Background: The rapid development of a variety of devices that emit Radiofrequency Electromagnetic fields (RF-EMF) has sparked growing interest in their interaction with biological systems and the beneficial effects on human health. As a result, investigations have been driven by the potential for therapeutic applications, as well as concern for any possible negative health implications of these EM energies [1-4]. Recent results have indicated specific tuning of experimental and clinical RF exposure may lead to their clinical application toward beneficial health outcomes [5].
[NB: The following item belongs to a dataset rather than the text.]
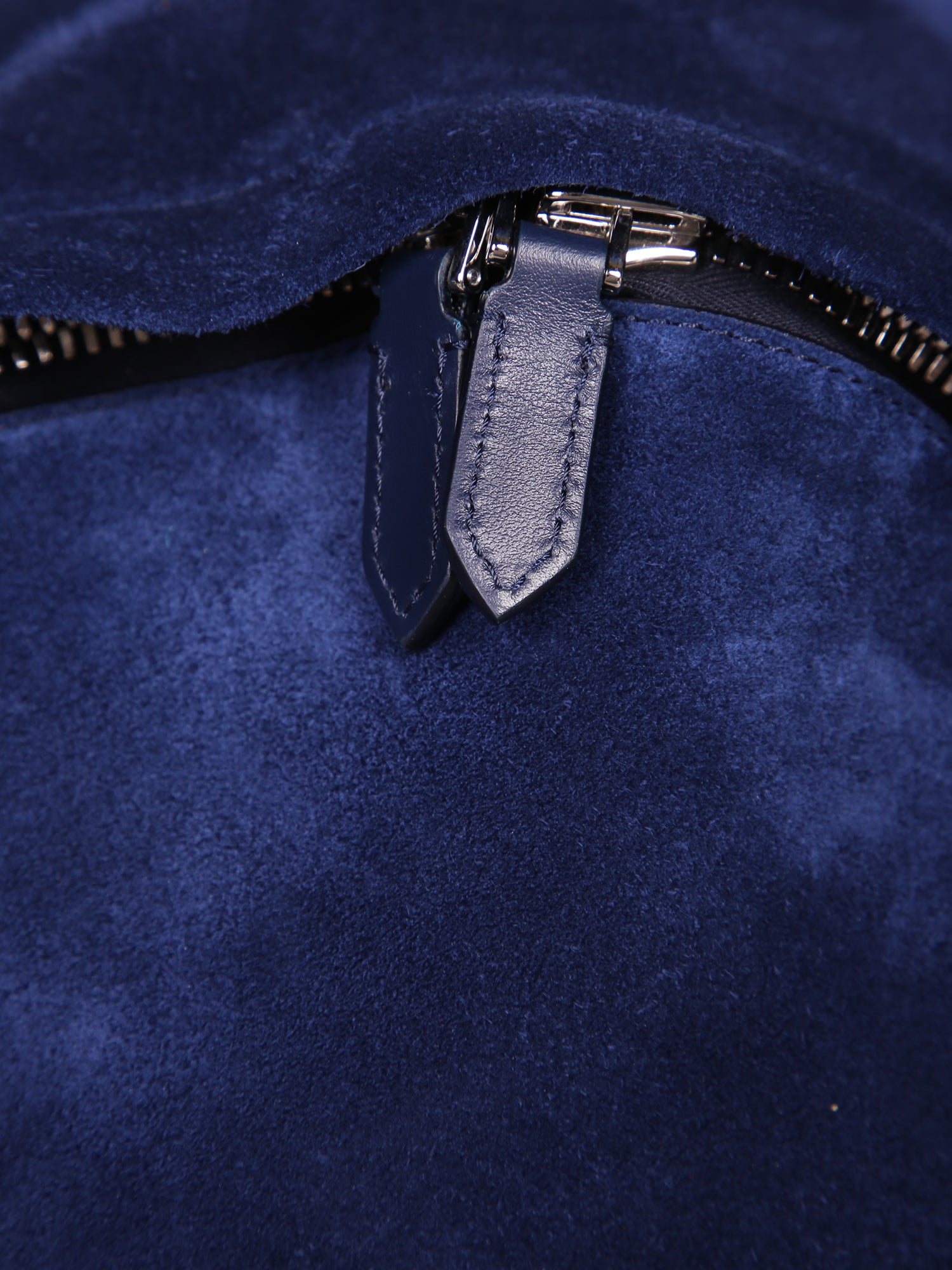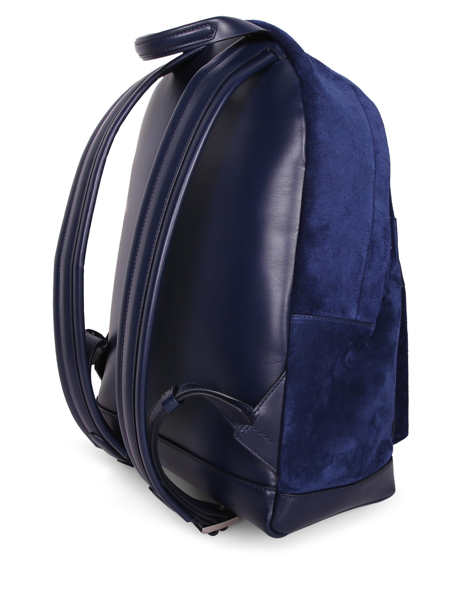 High-quality suede backpack with leather details. Features an external zip pocket and refined metal zippers.
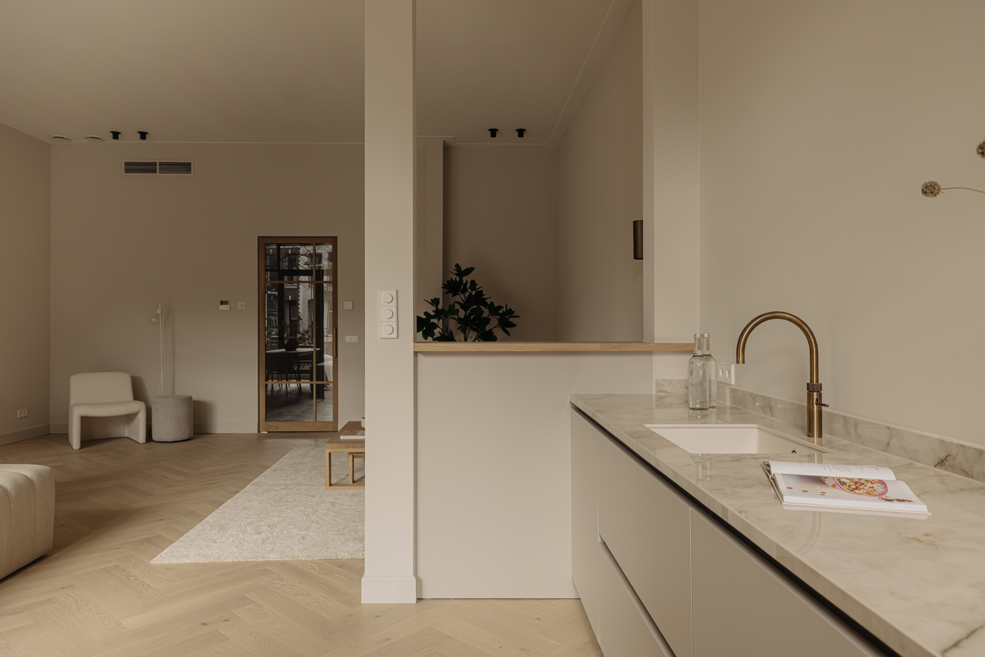 Luxe dubbel benedenhuis van ca. 182 m² met vier slaapkamers, twee badkamers, een balkon, een terras, interne berging en entree naar het appartement via zowel de voor als achterzijde. De appartementen zijn vormgegeven met zorgvuldig geselecteerde, hoogwaardige materialen die een gevoel van warmte en comfort creëren. Luxe visgraatvloeren, hoge plafonds, subtiele tinten in de keukens en badkamers, en een doordacht lichtplan zorgen voor een harmonieuze en uitnodigende ambiance. De keuken, met haar strakke lijnen en ruime opbergruimte, biedt een perfecte combinatie van stijl en praktische functionaliteit. Het gebouw is gelegen op eigen grond.

Method: In the current study, a mathematical and computer simulation model to analyze a specific RF-EMF exposure on a human head model was developed. Impetus for this research was derived from results of our previous experiments which revealed that Repeated Electromagnetic Field Stimulation (REMFS) decreased the toxic levels of beta amyloid (Aβ) in neuronal cells, thereby suggesting a new potential therapeutic strategy for the treatment of Alzheimer's disease (AD). Throughout development of the proposed device, experimental variables such as the EM frequency range, specific absorption rate (SAR), penetration depth, and innate properties of different tissues have been carefully considered.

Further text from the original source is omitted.